As it happens, they were pretty good too. Chiuri has had an annoying habit for the past couple of seasons of presenting three or four unusual styles, almost one-offs, and then returning to a familiar storm of tomboy sportswear and princess lines. This time, though, she showed more variety as well as depth. She beefed up her school-uniform fascination with kilts, in two lengths and in a sheer version, and a terrific boyish pantsuit in gray plaid. She added biker boots and clogs. She presented a bunch of styles in a crazy-quilt pattern, following Raf Simons’s use of quilts at Calvin Klein, but also making a link both to handcrafts in contemporary art and to the kind of DIY patchwork that was popular in the late ’60s and early ’70s (and the subject of numerous books and exhibits on counterculture fashion). She also had fresh-looking, clingy knit dresses in dip-dyed wool and a standout poncho-style raincoat in deep blue.
A few hours after the show, I ran into Dominique Deroche, who for many years was the head of PR at Yves Saint Laurent. It has been Arctic cold in Paris, and Dominique had on a cagoule. “It’s 25 years old,” she said, reminding me that Saint Laurent had first done the cap-and-hood combo in 1962 for haute couture and then repeated it occasionally afterward.
Marine Serre, in her runway debut, also had cagoules, but the effect was quite different.

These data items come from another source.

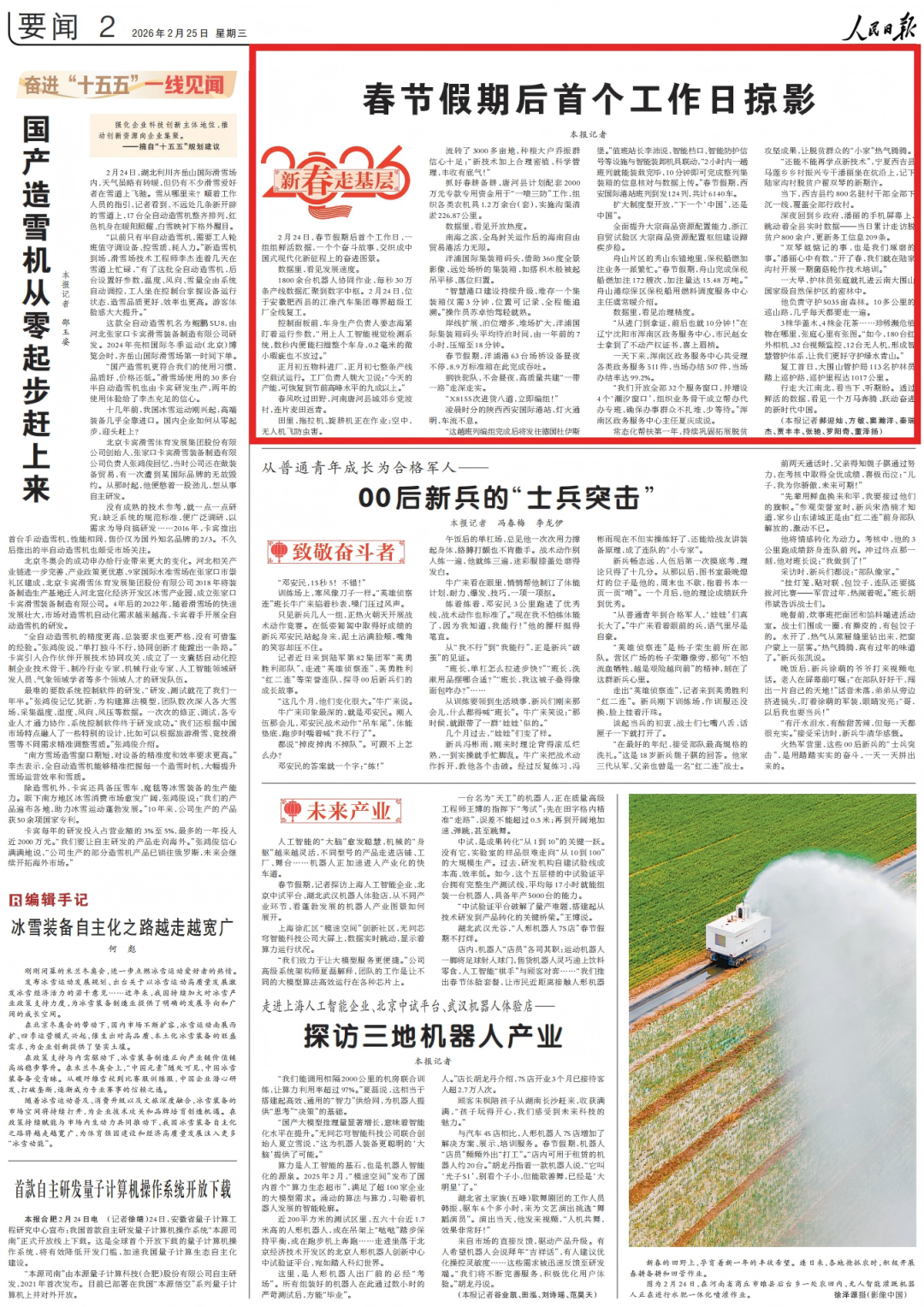 2月25日,人民日報第02版刊發文章《春節假期后首個工作日掠影(新春走基層)》,版面圖及全文如下: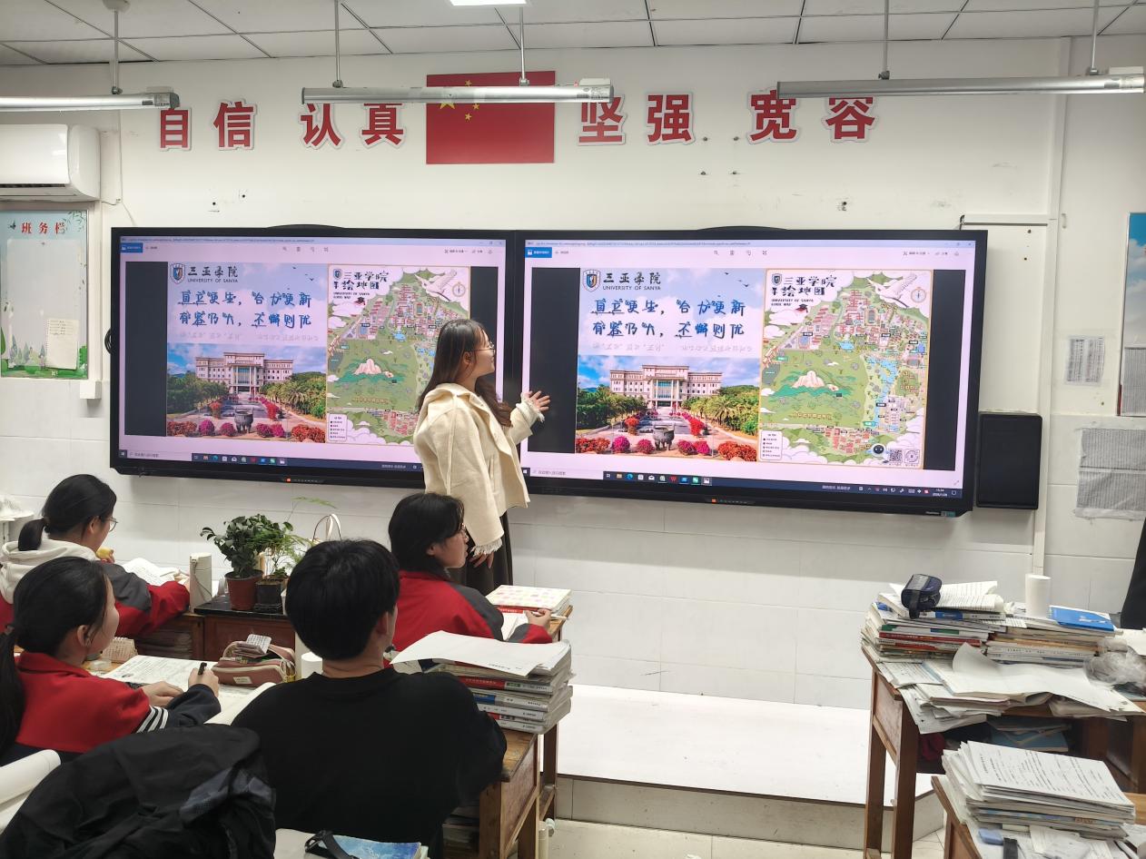 此次宣讲活动中,师紫嫣以毕业学姐的身份,为河北郑口中学的高三学弟学妹带来了一场全面细致的院校宣讲。她首先以视频播放、校园手绘地图展示为开场,向学弟学妹展现北纬18°滨海热带园林式校园的风貌,介绍了椰林、图书馆、超算中心、泳池等校园配套设施,让同学们直观感受特色校园环境。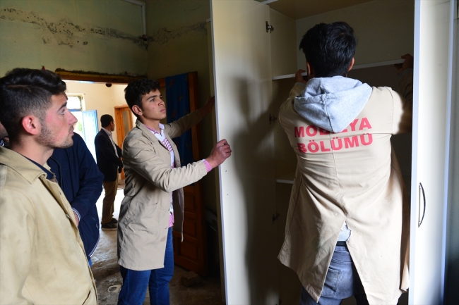 Evlerde inceleme yaparak ihtiyaç listesi çıkaran öğrenciler, buna göre tamirat, boya, badana, elektrik işlerini yapıyor. Öğrenciler, atölyelerde ürettikleri kapı, elbise ve mutfak dolabı, ayakkabılık gibi ürünleri de evlere kendi elleriyle yerleştiriyor.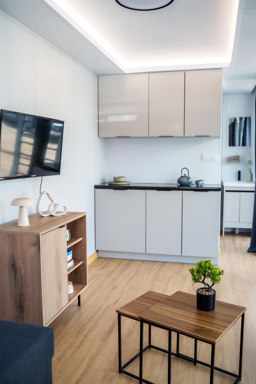 Układ pomieszczeń: 1 Łazienka + 1 Sypialnia + 1 Kuchnia (do własnej konfiguracji)
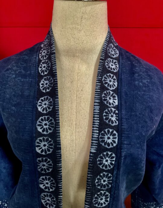 เสื้อคลุม ย้อมสีด้วยฮ่อม ตกแต่งด้วยลายผ้าเขียนเทียน (บ้านสิบสองพัฒนา ตำบลผาช้างน้อย อำเภอปง จังหวัดพะเยา)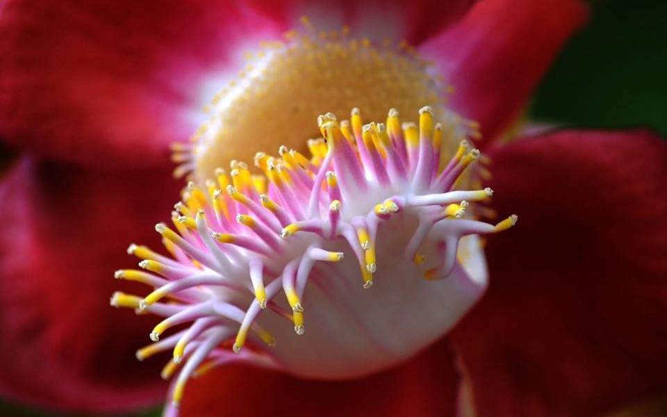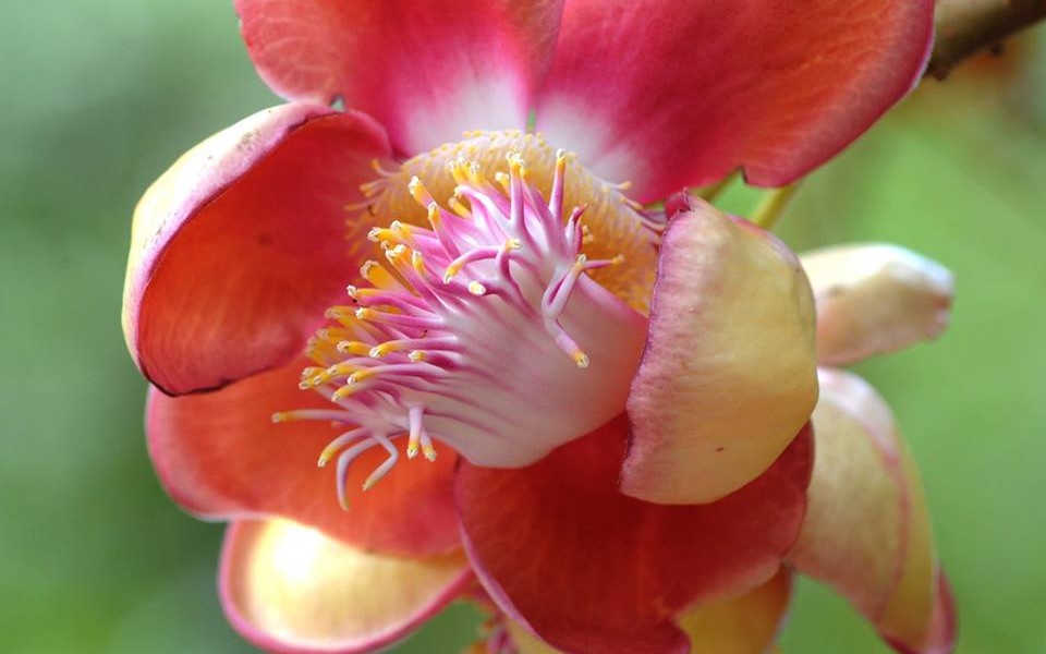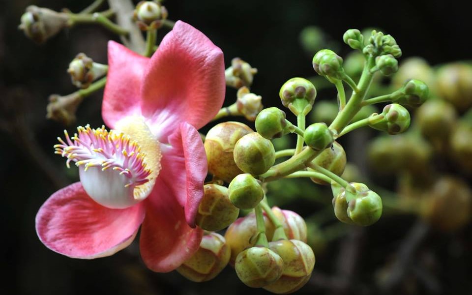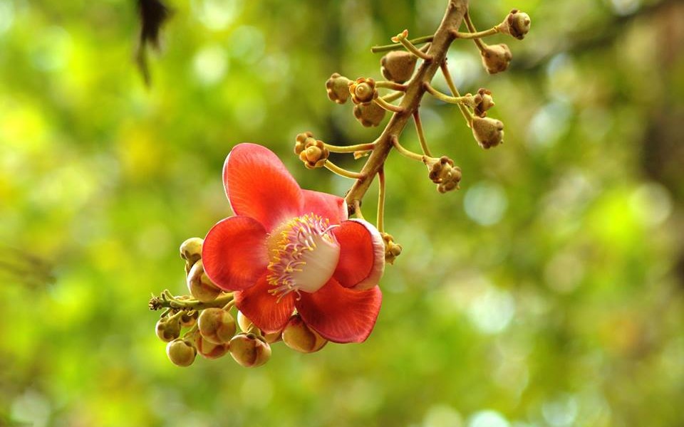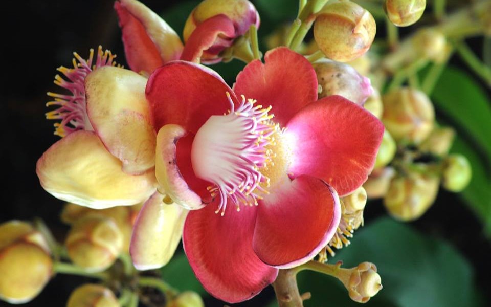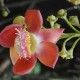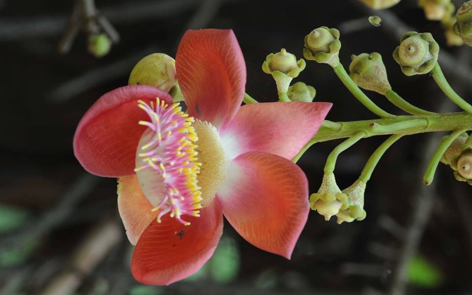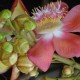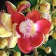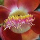 Cannonball tree grows up to 35 m (meters) in height. The clustered leaves vary in length, generally from 8 to 31 centimeters, but reaching up to 57.The flowers are born in large bunches up to 80 m(meters) long. Some trees flower profusely, until the entire trunk is buried in flowers. One tree can bear 1000 flowers per day. They are strongly scented, especially at night,and in the early morning.They are large, up to 6 centimeters wide, and often brightly colored, the six petals in shades of pink and red near the bases and yellowish toward the tips. There is a ring of stamens at the center, and an arrangement to stamens that have been modified into a hood.The large fruit, which is woody and very spherical, measuring up to 25 centimeters wide, gives the species the common name “cannonball tree”. A smaller fruit contains perhaps 65 seeds, while a large one can have 550.One tree can bear 150 fruits. The fruit takes up to a year to mature in most areas, sometimes as long as 18 months.
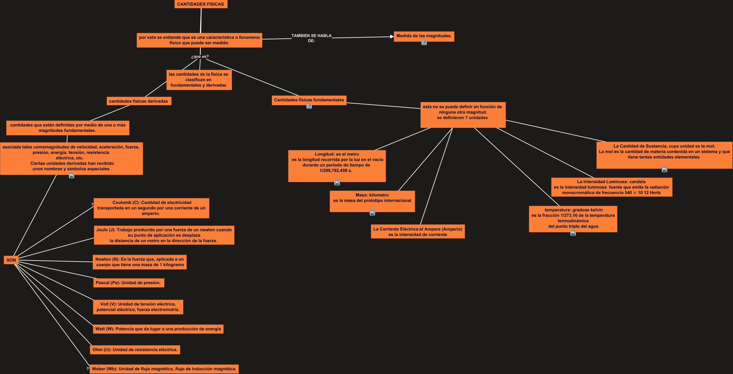 Este Cmap, tiene información relacionada con: cantidades fisica, Longitud: es el metro es la longitud recorrida por la luz en el vacío durante un período de tiempo de 1/299,792,458 s. ???? esta no se puede definir en función de ninguna otra magnitud. se definieron 7 unidades, Cantidades físicas fundamentales ???? esta no se puede definir en función de ninguna otra magnitud. se definieron 7 unidades, SON ???? Watt (W): Potencia que da lugar a una producción de energía, La Corriente Eléctrica:el Ampere (Amperio) es la intensidad de corriente ???? esta no se puede definir en función de ninguna otra magnitud. se definieron 7 unidades, CANTIDADES FISICAS ¿que es? cantidades fisicas derivadas, SON ???? Volt (V): Unidad de tensión eléctrica, potencial eléctrico, fuerza electromotriz., La Cantidad de Sustancia, cuya unidad es la mol: La mol es la cantidad de materia contenida en un sistema y que tiene tantas entidades elementales ???? esta no se puede definir en función de ninguna otra magnitud. se definieron 7 unidades, SON ???? Pascal (Pa): Unidad de presión., por esta se entiende que es una caracteristica o fenomeno fisico que puede ser medido TAMBIEN SE HABLA DE: Medida de las magnitudes., CANTIDADES FISICAS ¿que es? las cantidades de la fisica se clasifican en fundamentales y derivadas, CANTIDADES FISICAS ¿que es? Cantidades físicas fundamentales, SON ???? Ohm (Ω): Unidad de resistencia eléctrica., La Corriente Eléctrica:el Ampere (Amperio) es la intensidad de corriente ???? esta no se puede definir en función de ninguna otra magnitud. se definieron 7 unidades, CANTIDADES FISICAS ¿que es? las cantidades de la fisica se clasifican en fundamentales y derivadas, SON ???? Weber (Wb): Unidad de flujo magnético, flujo de inducción magnética., SON ???? Coulomb (C): Cantidad de electricidad transportada en un segundo por una corriente de un amperio., cantidades que están definidas por medio de una o más magnitudes fundamentales. ???? asociada tales comomagnitudes de velocidad, aceleración, fuerza, presión, energía, tensión, resistencia eléctrica, etc. Ciertas unidades derivadas han recibido unos nombres y símbolos especiales., asociada tales comomagnitudes de velocidad, aceleración, fuerza, presión, energía, tensión, resistencia eléctrica, etc. Ciertas unidades derivadas han recibido unos nombres y símbolos especiales. ???? SON, temperatura: gradoas kelvin es la fracción 1/273.16 de la temperatura termodinámica del punto triple del agua ???? esta no se puede definir en función de ninguna otra magnitud. se definieron 7 unidades, SON ???? Newton (N): Es la fuerza que, aplicada a un cuerpo que tiene una masa de 1 kilogramo

Her first collection, done in 2016 while she was still a fashion student in Belgium, was a response to the terrorist bombings in Paris and Brussels that occurred around that time. The collection included a crescent-moon print, a symbol widely identified with Islam. To Serre, the print was a way to suggest inclusion, a merging of ideas — with urban athletic styles, say. It also demonstrated that the designer, who won the LVMH Prize last year, is an ace at branding. The crescent detail is part of her logo.
Serre, unlike Chiuri, is good at implying things. That’s what gave her first professional show an unusual maturity. Her headpieces could have religious connotations, but you’re not sure — they could be standard-issue ski hoods. Similarly, some of her ruffled skirts and shapely denim could be a nod to the 19th century, yet she nicely brooms away the literal reference. Her clothes reveal a solid sense of pragmatism — who’s going to wear these things? are they based on reality? — and at the same time a very strong urge to look ahead and question how fashion should look in the 21st century.
“They all answer to daily life,” she said afterward of slim trousers and jackets with special pockets for phones and ID. “The idea was to rethink how you do outerwear today, and also keeping the shape of the woman.”
Serre is too smart, I think, to let politics or labels or backstories take precedence over the demanding business of making interesting clothes and establishing a clear point of view. That she has done. Not only did she add fresh styles to her sportswear, like the shapely denim, but she also expanded the scarf dresses she showed last season. They’re more fluid and original in both cut and pattern. In fact, the dresses are all made from recycled garments or fabrics found in Marseilles. She plans to produce orders in the same vein.
If you were doing a collection based on the colors and sensuality of Morocco — favorite destination of designers — would you present them in the sugary vastness of the Petit Palais? Simon Porte Jacquemus’s clothes were drowned by the venue and the hokey souk music, and though he had some lovely, long fluid looks, he seemed mostly unable to avoid the Marrakech clichés.